Wie lauten die Regelungen zum Mutterschaftsurlaub für kleine Arbeitgeber oder den nicht gewerkschaftlich organisierten Sektor?

Frauen in Betrieben mit weniger als 10 Beschäftigten oder im nicht gewerkschaftlich organisierten Sektor fallen möglicherweise nicht unter Kapitel VI des Gesetzes.
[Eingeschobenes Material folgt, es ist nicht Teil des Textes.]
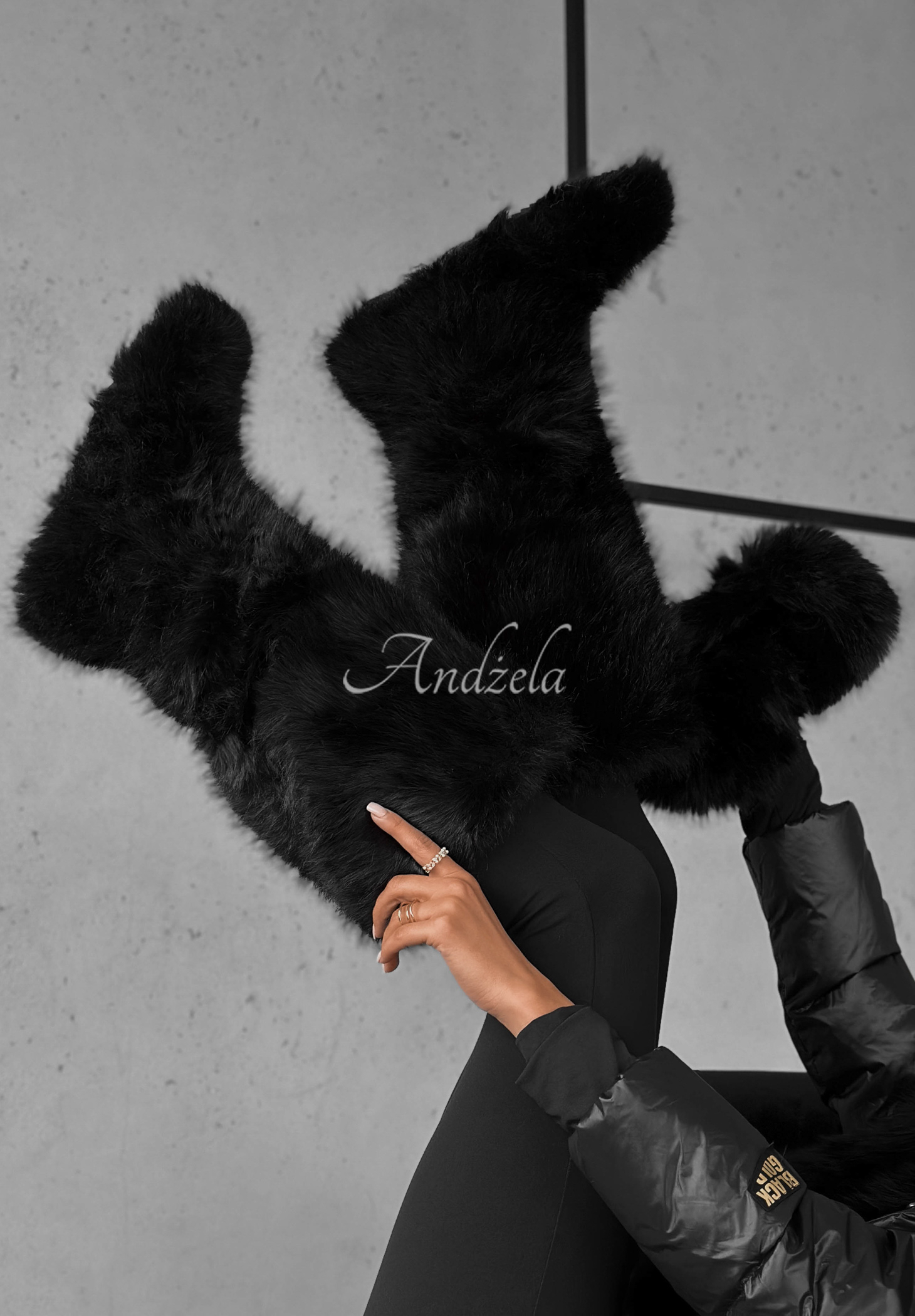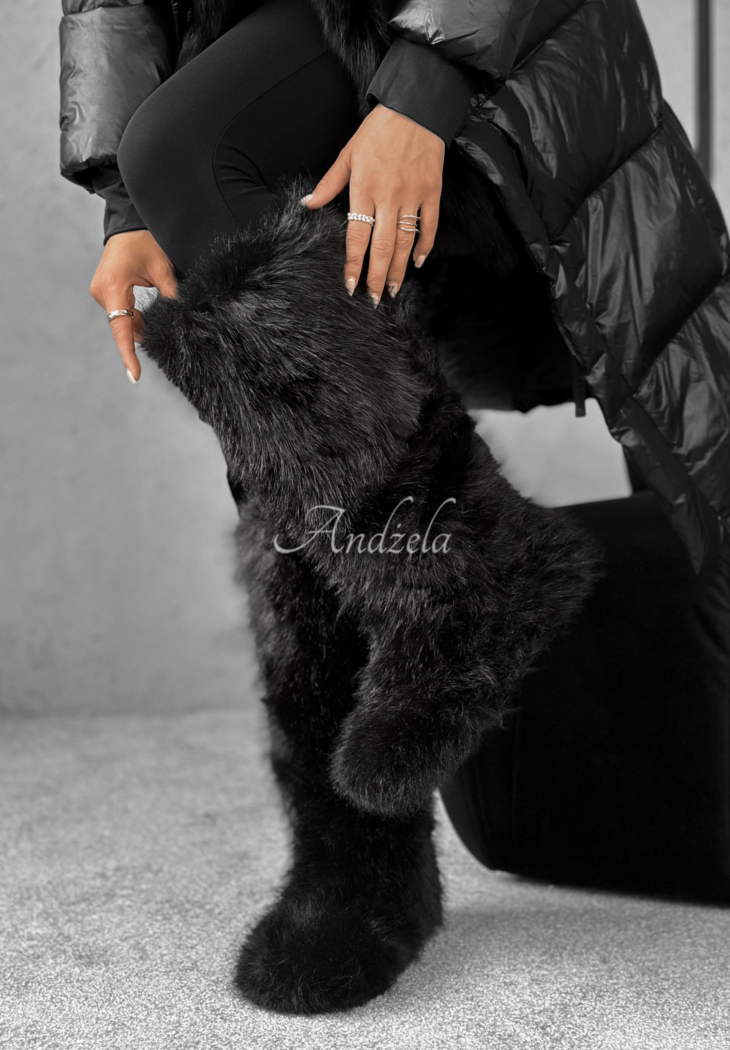 Cizme cu talpă joasă, acoperite în întregime cu un material tip blăniță moale la atingere. Acesta este un model fără închidere, cu vârf rotunjit, căptușit cu material tip de pluș.

Einige erhalten dennoch Leistungen im Rahmen von Arbeitgeberregelungen oder staatlichen Programmen wie PMMVY, das berechtigten Frauen bei der ersten Geburt 6.000 Rupien gewährt.

Wie wirkt sich der Mutterschaftsurlaub in Indien auf Beförderungen, Prämien und Sozialleistungen aus?

Der Mutterschaftsurlaub sollte keinen Einfluss auf Beförderungen oder Bonuszahlungen haben; die Arbeitnehmerin wird so behandelt, als ob sie arbeiten würde. Die Sozialversicherungsbeiträge und die üblichen Sozialleistungen laufen weiter, da sie während des Urlaubs ihr volles Gehalt erhält. Die Entlassung, Herabstufung oder Benachteiligung einer Frau aufgrund der Inanspruchnahme von Mutterschaftsurlaub ist rechtswidrig und wird strafrechtlich geahndet.